Transformer nos outils de mesure pour piloter les transitions

Posted on 3 novembre 2020 par Nadège Guiraud

La 27e Région a entamé en 2019 une réflexion sur les mesures d’évaluation et s’est ainsi rapprochée d’acteur comme La Fonda et de ses travaux sur la création de valeurs et la mesure d’impact social dans le secteur de l’ESS, menée de concert avec d’autres acteurs comme Territoire Zéro chômeur, le Labo de l’ESS ou encore l’AVISE.

Déjà émergeaient des questionnements sur la valeur : comment se crée-t-elle, mais également comment se détruit-elle et, surtout, comment des acteurs qui créent souvent bien autre chose que de la valeur financière peuvent-ils le rendre tangible ?

Forte de ses travaux sur Les Communs et des relations tissées avec des acteurs de ce champ (relisez par exemple cet échange avec M Bauwens sur communs et comptabilité), La 27e Région a intégré début 2020 un groupe de travail et de réflexion sur le sujet de la Comptabilité Care au sein de la Coop des Communs. Partant des travaux de Jacques Richard (Docteur en Sciences de Gestion, expert-comptable, professeur émérite à l’Université Paris-Dauphine, membre de l’Autorité des Normes Comptables) sur ce système comptable alternatif, ses membres réfléchissent à l’application concrète de ces principes, en rassemblant chercheurs, experts-comptables, entreprises et structures associatives impliquées dans des expérimentations du modèle, ou encore la Ville de Grenoble qui cherche à expérimenter autour de cette pratique.

La comptabilité, outil de pilotage stratégique

La comptabilité peut-elle être un des leviers de la transition écologique ?  Peut-elle aider à questionner notre modèle social face aux enjeux environnementaux et aux crises sociales et économiques actuelles ou à venir ? 

La notion même de comptabilité est souvent considérée comme technique, neutre et réservée à des professionnels qui appliquent des normes strictes et immuables.
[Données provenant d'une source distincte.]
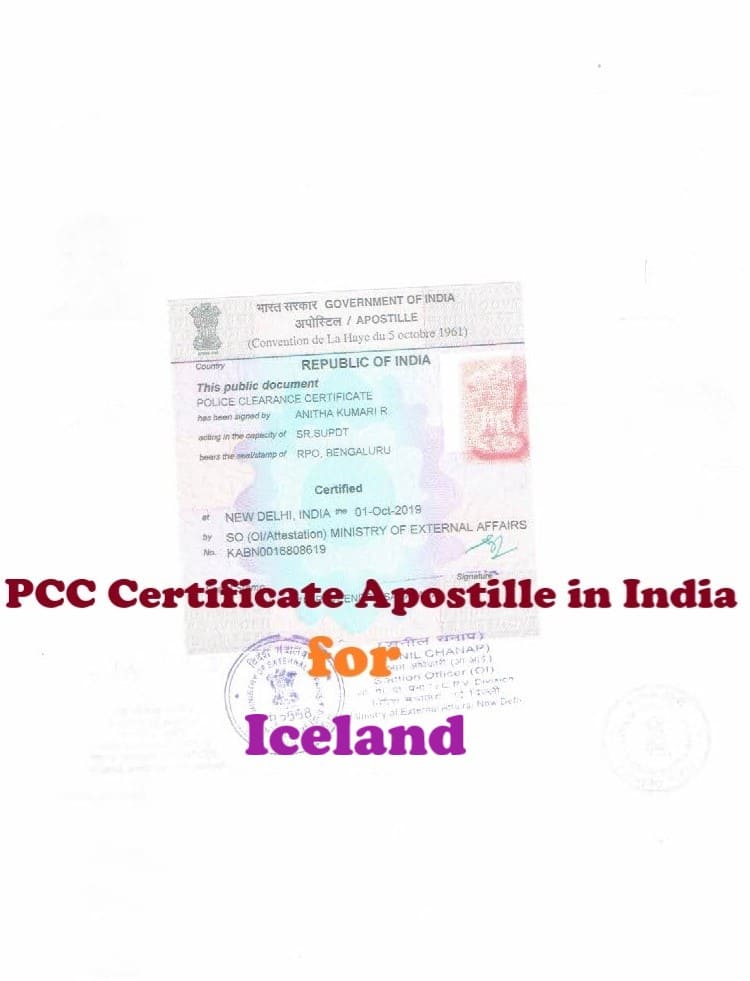 Iceland is a Hague Conventional Country (HCC) as such when an Indian Citizen is going Iceland for Study or Job purpose then they need to Apostille their Police Clearance Certificate / PCC or No-Criminal Record Certificate from Ministry of External Affairs / MEA, Govt. of India in Delhi, Mumbai, Chennai, Kolkata, Guwahati, Hyderabad, Chandigarh, India. The detail process of PCC Certificate Apostille Attestation for Iceland is mentioned hereunder.

Jouissant souvent d’une réputation froide et désincarnée, la comptabilité est pourtant le système de mesure et d’évaluation de toute organisation inscrite dans une économie globale, et cela depuis le 13ème siècle environ et l’invention de la comptabilité en partie double. Elle est donc indispensable à la lecture d’une organisation de toute forme et à la compréhension de ses activités.

Si elle a connu, depuis sa création, quelques évolutions et une normalisation mondiale, la science comptable poursuit ce qui fait son essence : mesurer les flux financiers et assurer en priorité la conservation du capital. La comptabilité est de fait un outil de pilotage stratégique et politique ; l’interprétation de ses données est au cœur des orientations que prendront une entreprise, une collectivité, un État, et par extension une société, ainsi guidée par des principes de rationalisation économique. Elle constitue un prisme à travers lequel nous regardons le fonctionnement des organisations. Les contours de ce prisme et leurs définitions sont, malgré les apparences, éminemment politiques : ils relèvent de choix, d’arbitrages qui vont mettre en lumière certains aspects des organisations… et en passer d’autres sous silence.

Non, la comptabilité n’est pas neutre !

Si l’idée que les chiffres ne peuvent « mentir » est largement répandue dans le domaine de la gestion, certaines voix s’élèvent pour nuancer cette approche, et re-contextualiser politiquement la comptabilité. Ainsi, pour Edouard Jourdain, Docteur en science politiques, la comptabilité n’est pas seulement un instrument de mesure neutre. Elle véhicule une façon de voir le monde, de le mesurer et de considérer ce qui est « juste ». Il vient souligner la construction idéologique des normes comptables dans l’avènement d’un système économique néolibéral.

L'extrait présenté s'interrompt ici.